The denominator of the fraction is the total number of buckets.
The numerator of the fraction is the number of buckets which has one or more elements.
For hashes with the same number of elements, the higher the number, the better. The one that returns 6/8 has fewer collisions than the one that returns 4/8.
This is a slightly modified version of an email I sent to the Perl Beginners mailing list answering this same question.
Saying
my $hash_info = %hash;
Will get you either 0
(if the hash is empty) or the ratio of used to
total buckets. This information is almost, but not completely,
useless to you. To understand what that means you must first
understand how hashing works.
Lets implement a hash using Perl 5. The first thing we need is a hashing function. Hashing functions turn strings into, hopefully, unique numbers. Examples of real strong hashing functions are MD5 or SHA1, but they tend to be too slow for common use, so people tend to use weaker (i.e. ones that produce less unique output) functions for hash tables.

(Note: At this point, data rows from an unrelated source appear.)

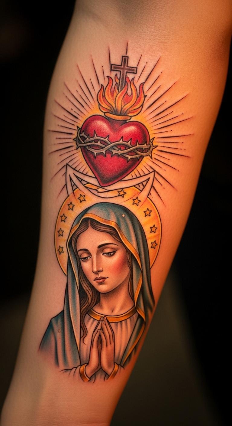 Fusing Sacred Heart with Mary creates a powerful combo. Envision her image holding the heart on your arm. This merges two symbols seamlessly. Start by mixing sketches from books or apps. Keep costs down with a medium size, around $150 total. Use household items like paper and markers for planning. Bold the point: heart adds protection. Heal by keeping it dry for days. Place it on your chest for a personal touch. This design tells a story of faith. Visit a shop with religious expertise. Simple actions: apply sunscreen later to maintain colors. It’s an affordable way to deepen your spiritual expression.
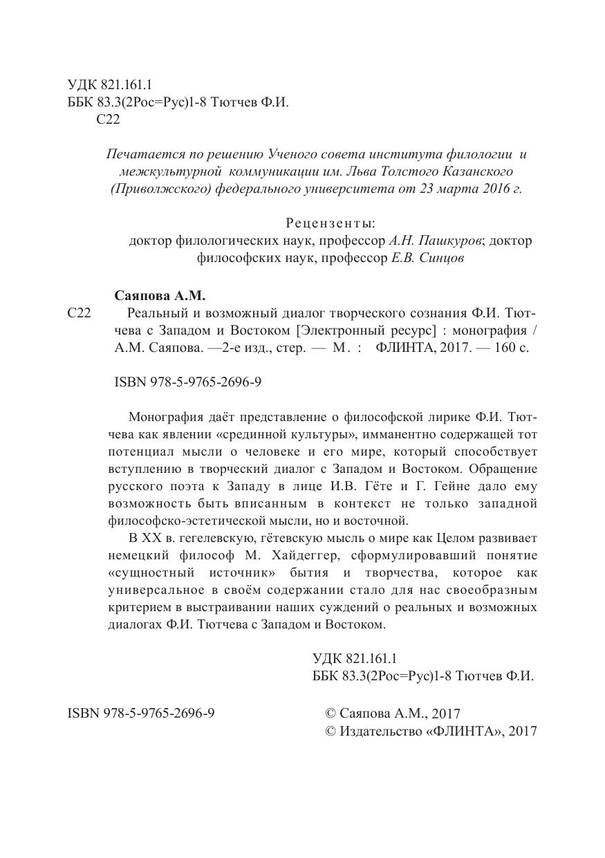 Монография даёт представление о философской лирике Ф.И. Тютчева как явлении «срединной культуры», имманентно содержащей тот потенциал мысли о человеке и его мире, который способствует вступлению в творческий диалог с Западом и Востоком. Обращение русского поэта к Западу в лице И.В. Гёте и Г. Гейне дало ему возможность быть вписанным в контекст не только западной философско-эстетической мысли, но и восточной.
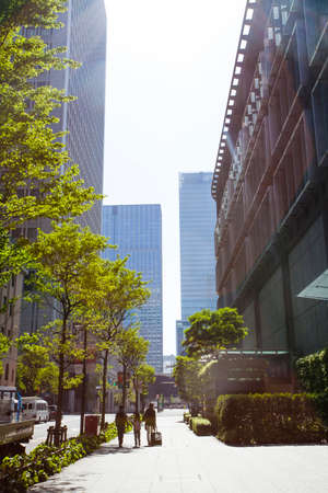 Tokyo city street Business Building with Japanese People walking riding bicycle to work Tokyo City lifestyle in Morning TOKYO, JAPAN - APR 17, 2019
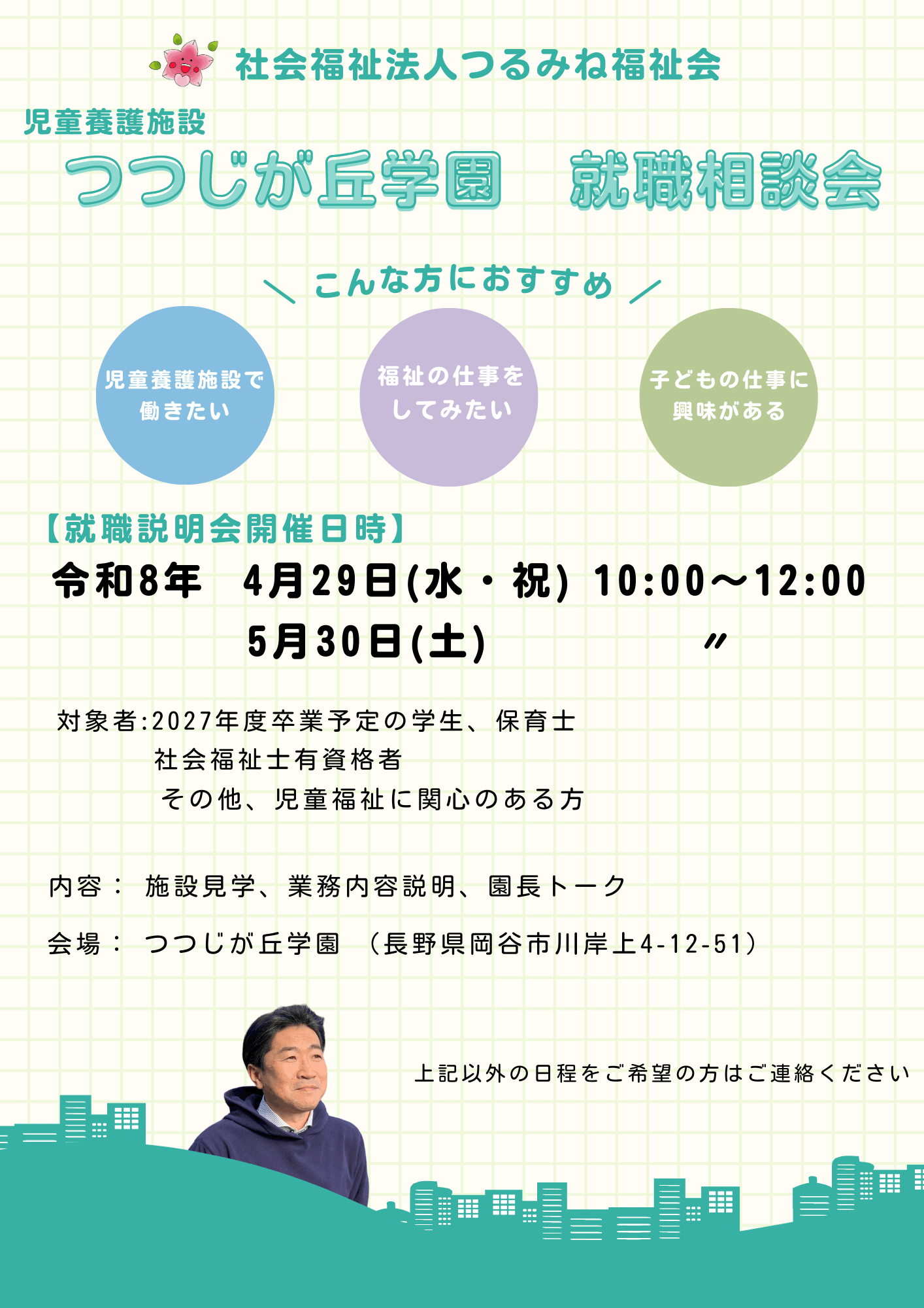長野県 つつじが丘学園 児童養護施設 オフライン(対面) 令和8年度 つつじが丘学園 就職相談会 開催 開催日時 2026/04/29(水) 10:00~12:00 開場時間 2026/04/29 09:45 申込締切 2026/05/29 14:00 詳細を見る

Perl 5 uses Bob Jenkins [one-at-a-time] algorithm, which has a nice tradeoff of uniqueness to speed. For our example, I will use a very weak hashing function:
#!/usr/bin/perl
use strict;
use warnings;
sub weak_hash {
my $key = shift;
my $hash = 1;
#multiply every character in the string's ASCII/Unicode value together
for my $character (split //, $key) {
$hash *= ord $character;
}
return $hash;
}
for my $string (qw/cat dog hat/) {
print "$string hashes to ", weak_hash($string), "\n";
}
Because hashing functions tend to give back numbers that are from a range larger than we want, you usually use modulo to reduce the range of numbers it gives back:
#!/usr/bin/perl
use strict;
use warnings;
sub weak_hash {
my $key = shift;
my $hash = 1;
#multiply every character in the string's ASCII/Unicode value together
for my $character (split //, $key) {
$hash *= ord $character;
}
return $hash;
}
for my $string (qw/cat dog hat/) {
# the % operator is constraining the number
# weak_hash returns to 0 - 10
print "$string hashes to ", weak_hash($string) % 11, "\n";
}
Now that we have a hashing function, we need somewhere to save the key and value. This is called the hash table. The hash table is often an array whose elements are called buckets (these are the buckets that the ratio is talking about). A bucket will hold all of the key/value pairs that hash to the same number:
#!/usr/bin/perl
use strict;
use warnings;
sub weak_hash {
my $key = shift;
my $hash = 1;
for my $character (split //, $key) {
$hash *= ord $character;
}
return $hash;
}
sub create {
my ($size) = @_;
my @hash_table;
#set the size of the array
$#hash_table = $size - 1;
return \@hash_table;
}
sub store {
my ($hash_table, $key, $value) = @_;
#create an index into $hash_table
#constrain it to the size of the hash_table
my $hash_table_size = @$hash_table;
my $index = weak_hash($key) % $hash_table_size;
#push the key/value pair onto the bucket at the index
push @{$hash_table->[$index]}, {
key => $key,
value => $value
};
return $value;
}
sub retrieve {
my ($hash_table, $key) = @_;
#create an index into $hash_table
#constrain it to the size of the hash_table
my $hash_table_size = @$hash_table;
my $index = weak_hash($key) % $hash_table_size;
#get the bucket for this key/value pair
my $bucket = $hash_table->[$index];
#find the key/value pair in the bucket
for my $pair (@$bucket) {
return $pair->{value} if $pair->{key} eq $key;
}
#if key isn't in the bucket:
return undef;
}
sub list_keys {
my ($hash_table) = @_;
my @keys;
for my $bucket (@$hash_table) {
for my $pair (@$bucket) {
push @keys, $pair->{key};
}
}
return @keys;
}
sub print_hash_table {
my ($hash_table) = @_;
for my $i (0 .. $#$hash_table) {
print "in bucket $i:\n";
for my $pair (@{$hash_table->[$i]}) {
print "$pair->{key} => $pair->{value}\n";
}
}
}
my $hash_table = create(3);
my $i = 0;
for my $key (qw/a b c d g j/) {
store($hash_table, $key, $i++);
}
print_hash_table($hash_table);
print "the a key holds: ", retrieve($hash_table, "a"), "\n";
As we can see from this example, it is possible for one bucket have more key/value pairs than the others. This is a bad situation to be in. It cause the hash to be slow for that bucket. This is one of the uses of the ratio of used to total buckets that hashes return in scalar context. If the hash says that only a few buckets are being used, but they are lots of keys in the hash, then you know you have a problem.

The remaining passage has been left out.